Where to drink coffee in Vancouver: Part One – Mount Pleasant

Vancouver has a impressive coffee scene.  We got some great coffee in the Mount Pleasant neighborhood of East Vancouver from 49th Parallel, Elysian, and Aperture.

49th Parallel:


Forty Ninth Parallel’s
Mount Pleasant spot is centrally located on Main St and E 13th Ave.  We walked over here from the place we were staying.  Someone with a bike rolled up to the shop at the same time.  This is a good sign.

49th parallel coffee roasters vancouver

It’s busy and bustling in there.  It was not a quiet coffee shop, at least at the time when we were there.  But there were still some people working quietly on their computers.  There were three or four people behind the counter taking orders and making coffee and an additional person restocking the shelves.  And then there was an additional person adding crazy toppings to Lucky’s doughnuts in the back kitchen.  There’s plenty to gawk at in the doughnut case while waiting to order your coffee.

49th parallel coffee roasters vancouver

There was a mixed crowd of people meeting up, people working on their laptops, and others from the neighborhood just stopping in to grab a coffee.  It felt cozy inside with dark wood and warm lighting in some areas, but with outside light spilling from the large northern windows.

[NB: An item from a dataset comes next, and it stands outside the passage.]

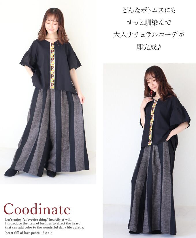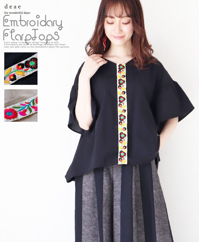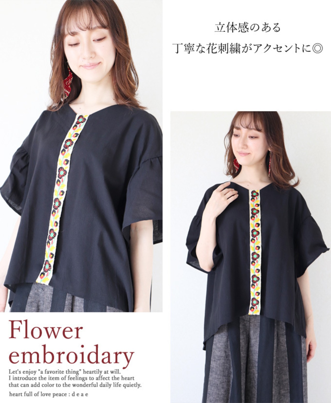 トップス ミドル丈 五分袖 花刺繍 チロリアン レディース ファッション 春 夏 秋 大人ナチュラル カジュアル エスニック 着回し力 「ぷっくり花刺繍の ふんわりフレア袖トップス」【da10189】 | deae

49th parallel coffee roasters vancouver

We got a latte and an espresso and a glazed raised doughnut.  All were excellent.  We were especially surprised by the doughnut – perfectly yeasted and chewy, with slightly less sugar than one would expect.  My mouth is watering as I write.  So good.   And the latte – the combination of the light coming in from the side windows and the dark wood community table, and the teal cup and saucer made for a nice photo.  I bought an espresso demitasse home for a souvenir.

49th parallel coffee roasters vancouver

49th Parallel serves their espresso on a plank with sparkling water and a spoon for sugar:

49th parallel coffee roasters vancouver

We spent a bit of time on Main St, but wish we had more.  We wanted to explore more to the south, (the SoMa neighborhood as was explained to us by the internets) but our timing didn’t work out that way this trip.  But there were plenty of interesting shops and things to see north on Main towards Gastown.

 Elysian Coffee

Elysian Coffee lies on the west boundary of Mount Pleasant, just a block west of Cambie St.

The Elysian Coffee on West Broadway was much quieter than 49th Parallel.  There was a steady stream of customers, but it wasn’t so busy that you couldn’t talk to the baristas.  The building had a brown exterior, and they sport a logo that doesn’t quite match with others who serve specialty coffee.  But the coffee experience was very nice.elysian coffee vancouver

In contrast to the dark wooden walls of 49th Parallel, Elysian felt much brighter.  Their windows look out onto West Broadway, which is a busy street with much more car traffic than pedestrian.  Canadian Thanksgiving was coming up, and our baristas showed off a few photos of skillfully-made turkey latte art that they were posting to their instagram account.  Our barista gave us tips on other places to check out and not check out, so we took notes to fill out the schedule for the rest of our stay.  We decided that we’d check out Lynn Canyon, try to hit Timbertrain Coffee Roasters and Revolver Coffee and visit the Old Faithful shop, but maybe skip over Pallet coffee roasters.  And to look out for coffee from Phil & Sebastian if we could find it.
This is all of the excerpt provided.